Important information for investors and shareholders

This communication does not constitute an offer to sell or the solicitation of an offer to buy any securities or the solicitation of any vote or approval, nor will there be any sale of any security in any jurisdiction where such an offer, solicitation or sale heretofore would be illegal. registered or rated under the securities laws of such jurisdiction. No securities may be offered except by way of a prospectus that meets the requirements of Section 10 of the Securities Act of 1933, as amended. In connection with the potential transaction, Chevron expects to file with the SEC a registration statement on Form S-4 containing Chevron's preliminary prospectus, which also constitutes PDC's preliminary proxy statement. Following publication of the registration statement, PDC will mail a definitive proxy statement/prospectus to PDC shareholders.

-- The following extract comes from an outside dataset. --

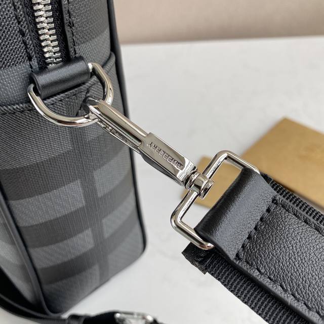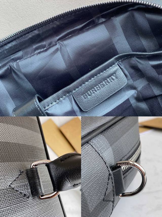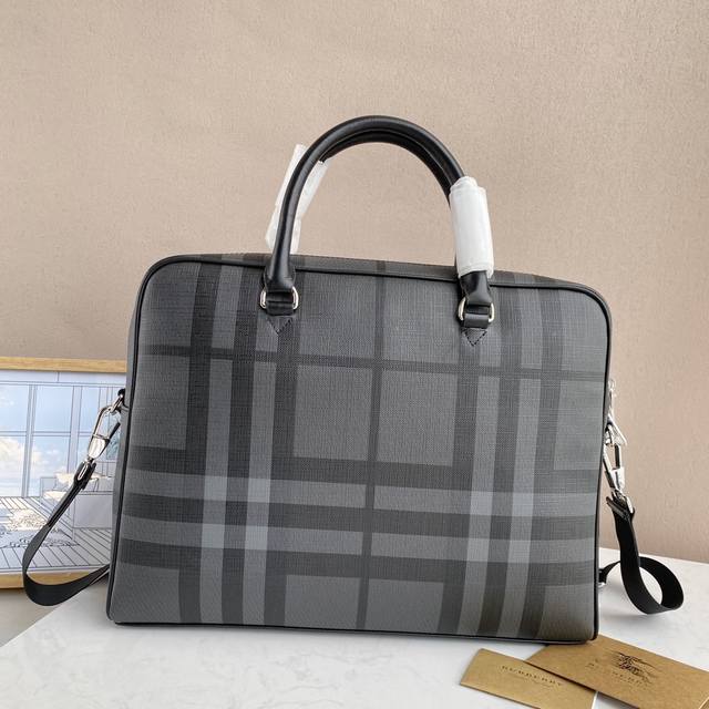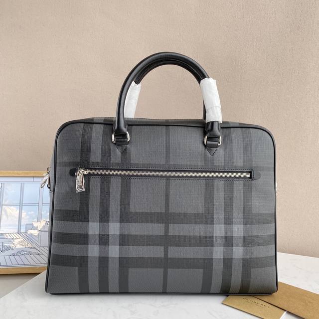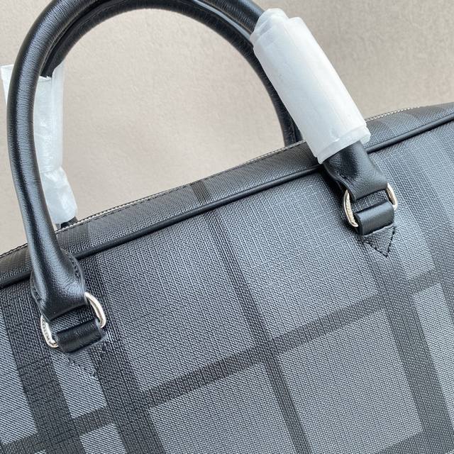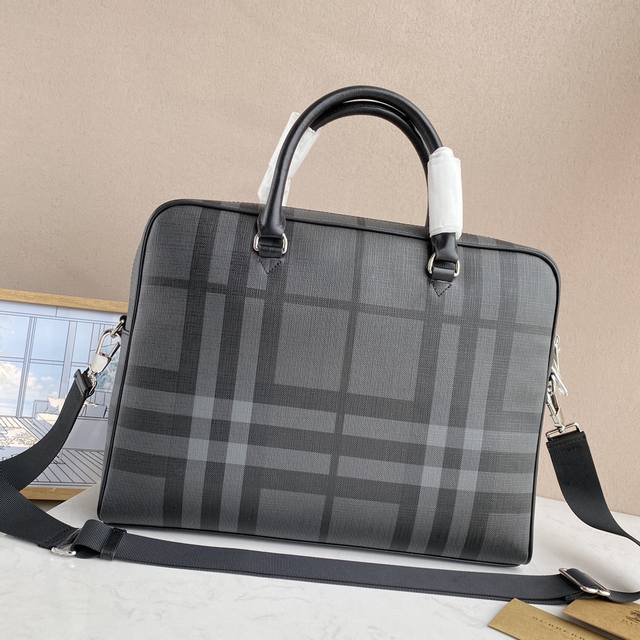 London 格纹公文包,搭配皮革边饰。可缔造手提造型,或使用可拆式背带便于肩背。

This communication is not in lieu of a proxy/prospectus statement or registration statement or any other document that Chevron or PDC may file with the SEC and send to PDC shareholders in connection with the potential transaction. Investors and security holders of CHEVRON and PDC are urged to carefully read the proxy statement/prospectus and other documents filed with the SEC because they will contain important information. Investors and security holders may obtain free copies of the power of attorney/prospectus, if any, and other documents filed with the SEC by Chevron or PDC through the website maintained by the SEC athttp://www.sec.gov.Copies of Chevron's filings with the SEC will be available free of charge on Chevron's website athttp://www.chevron.com/inversores. Copies of the PDC's filings with the SEC are available free of charge on the PDC's website athttp://www.pdce.com/investors-overview.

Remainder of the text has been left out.